Member of the Alaska House of Representatives from the 4th district
- In office January 2003 – January 2007
- Preceded by: Bill Hudson
- Succeeded by: Andrea Doll

Personal details
- Born: February 14, 1953 (age 73) Lincoln, Nebraska, U.S.
- Party: Republican
- Spouse: LuAnn Bailey Weyhrauch
- Children: Benjamin, Maria, Barclay
- Alma mater: Humboldt State University, B.S., Lewis and Clark, J.D.
- Profession: Lawyer
- Website: http://www.bruceweyhrauch.com

= Bruce Weyhrauch =

American politician

Bruce Weyhrauch (born February 14, 1953) is an American attorney and former politician who represented Juneau's District 4 in the Alaska State House, Alaska, United States.

==Education and career==
Weyhrauch received his BS in natural resource planning and engineering from Humboldt State University and his JD from Lewis and Clark College, where he served as the editor-in-chief of Environmental Law.

Weyhrauch has operated a law office in Juneau for nearly three decades. His practice focuses on regulatory and government affairs, including labor relations and natural resources.

==Indictment, conviction and Supreme Court case reversal==

In May 2007, Weyhrauch, along with fellow Republican state House members Pete Kott and Vic Kohring, were charged in connection with a scandal involving oilfield service company VECO attempting to buy government favors in Alaska. The ensuing investigation led to the widely publicized indictment, trial and convictions of United States Senator Ted Stevens in October 2008, and the indictments and convictions of former representatives Tom Anderson and Beverly Masek and state Senator John Cowdery, as well as VECO chairman Bill Allen and vice president Richard Smith. Alaska businessmen/lobbyists Bill Weimar (former for-profit halfway house owner), Bill Bobrick, and Jim Clark, chief of staff for former governor Frank Murkowski, also were indicted and convicted. Clark's guilty plea and sentence were later vacated before he was ordered to report to custody.

Weyrauch had been charged with bribery, extortion, conspiracy and mail fraud. After being found guilty in a trial, on October 15, 2007, he was sentenced to five years in prison.
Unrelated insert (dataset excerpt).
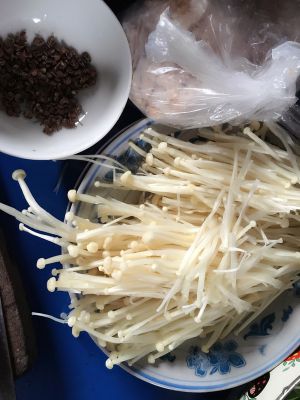 锅里加入油烧热倒入花椒的碗里备用,用锅里的余油炒黄豆芽和金针菇,炒好倒入砂锅里备用。锅里在加入油烧热依次加入豆瓣酱,姜,蒜末,酱油,生抽,料酒炒香加入适量热水煮开。煮开后转小火倒入腌好的肉片煮个4~5分钟倒入装有金针菇和豆芽的砂锅里,在继续煮开,煮个差不多关火拿下砂锅,这时把油炸的花椒和辣椒干放入砂锅里,在起锅烧油,油色浇在辣椒上即可。水煮肉片就做好了

He appealed, and subsequently his proceedings were granted an indefinite stay while issues involved were re-examined by the U.S. Supreme Court. This was followed by Weyhrauch prevailing at the Supreme Court on a challenge to the honest services fraud statute. His case was decided on June 24, 2010, in association with the similar Skilling v. United States and Conrad Black case decisions.

Weyhrauch's federal case was remanded to the 9th Circuit Court of Appeal, and as a result of this re-examination, all federal charges were dismissed. He pleaded guilty to a misdemeanor lobbying violation, was given a suspended sentence and probation, and was fined $1,000. It was estimated he had spent $300,000 on his defense.

==Personal life==
Weyhrauch is an Eagle Scout and has served on the BSA's Southeast Alaska Council Executive Board.

===Boating incident===
Weyhrauch was stranded on Coghlan Island in the Juneau area on April 22, 2007. After he fell out of his boat at about 6 pm, he was forced to swim to the island. The Coast Guard searched for Weyhrauch during the night. A volunteer rescue team from the nonprofit organization SEADOGS found him alive at approximately 11 am the next morning.